What do you mean by $[q^{0};q^{1};q^{2};...;q^{n}]$ ; $\displaystyle q=e^{\frac{1}{n}}$ ?

**scubastevez** · August 29th 2012, 08:18 AM

so let ln(x) be f^-1(x) so e^x=f(x)
F^-1(x)=xf^-1(x)-F(f^-1(x))
so $\displaystyle \int_{1}^{e} \ln (x) dx$ = x(ln(x)- e^ln(x) = xln(x)-x evaluated at e and 1

which should be 1

if you haven't seen the equation before look at the geometry between a function and its inverse... they add up to make a rectangle.

I also don't know what the partition thingamabobs are but the answer is 1

**HallsofIvy** · August 29th 2012, 09:11 AM

Yes, that is easy to integrate but I suspect Simple Man is asking about the Riemann sum that will give that integral.
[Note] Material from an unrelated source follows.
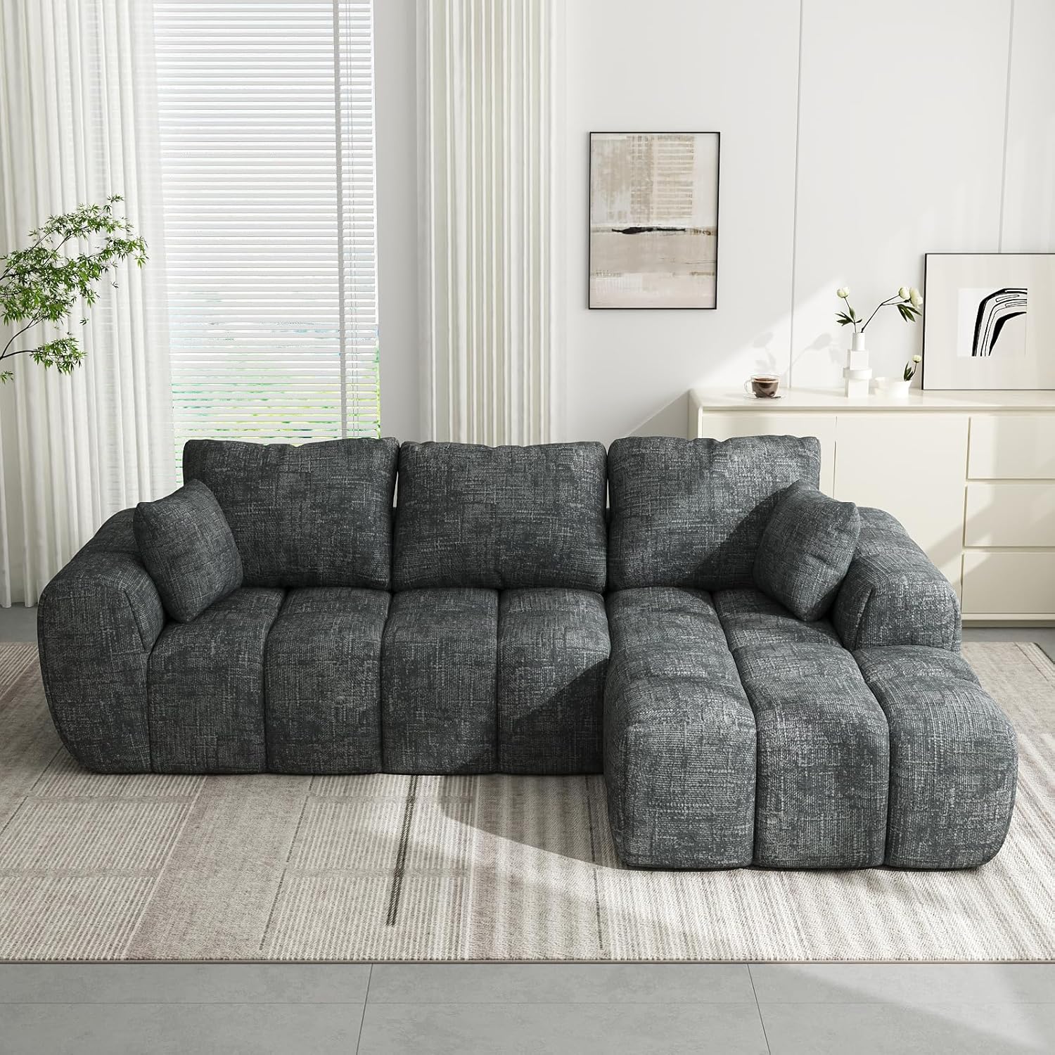 101” Modular Sectional Sofa, Cloud Sectional Couch with Deep Seat, Modern Modular L-Shape Sofa Couch with Chaise,Upholstered Boneless Couches for Living Room Bedroom(Deep Gray)
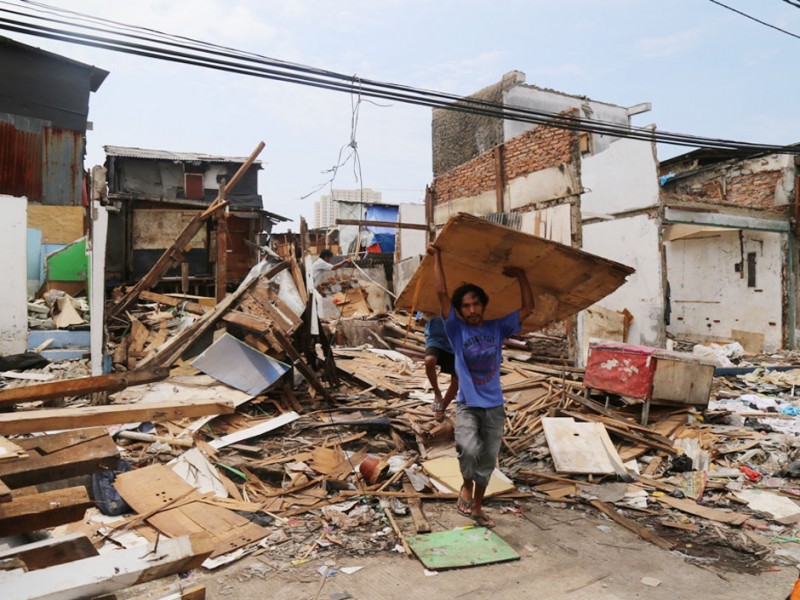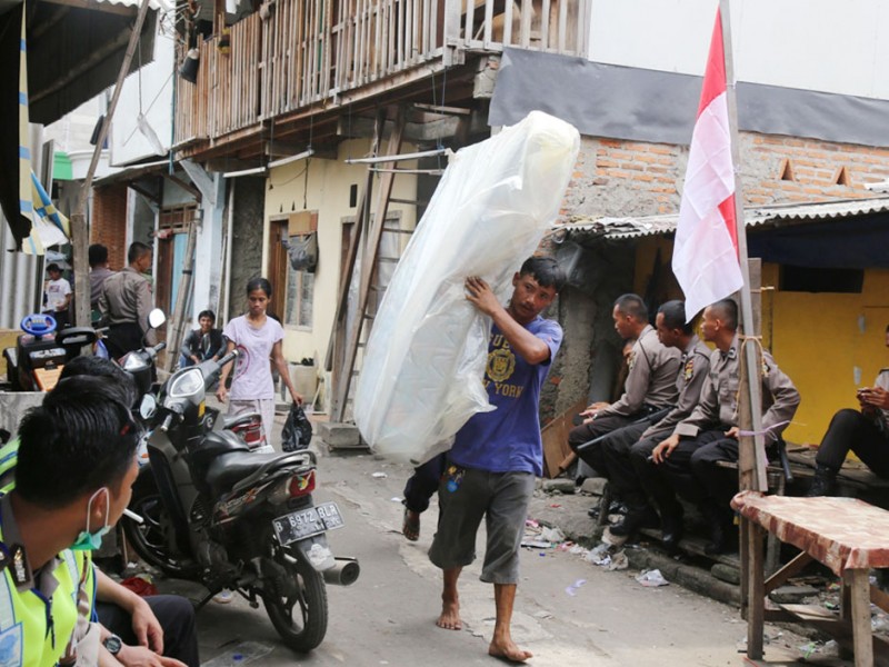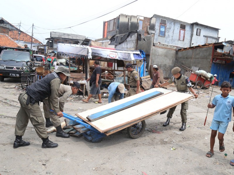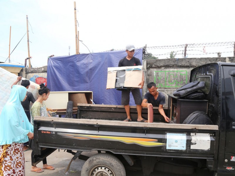 Warga terdampak penataan kawasan Pasar Ikan, Kelurahan Penjaringan, Kecamatan Penjaringan, Jakarta Utara, mulai mengosongkan hunian dan kiosnya, Minggu (10/4/2016). Besok, rencananya Pemprov DKI Jakarta segera melakukan penataan untuk kelancaran pembangunan sheet pile pencegah rob serta meningkatkan estetika kawasan Pasar Ikan agar bisa menjadi kawasan Wisata Bahari. Selain warga yang membongkar sendiri huniannya, nampak personil Satuan Polisi Pamong Praja (Satpol PP) membantu warga memindahkan barang-barangnya untuk diangkut menuju rumah susun (Rusun). (Foto: Reza/Beritajakarta.com)

The partition is $e^{0/n}=1, e^{1/n}, e^{2/n}, ..., e^{n/n}= e$ . Those values for x make it easy to find the corresponding "f(x)": $ln(1)= 0, ln(e^{1/n})= \frac{1}{n}, ln(e^{2/n})= \frac{2}{n}, ..., ln(e)= 1$ . However, it is also makes the interval lengths variable- the length of the first interval is $e^{1/n}- 1$ , the second $e^{2/n}- e^{1/n}$ , etc.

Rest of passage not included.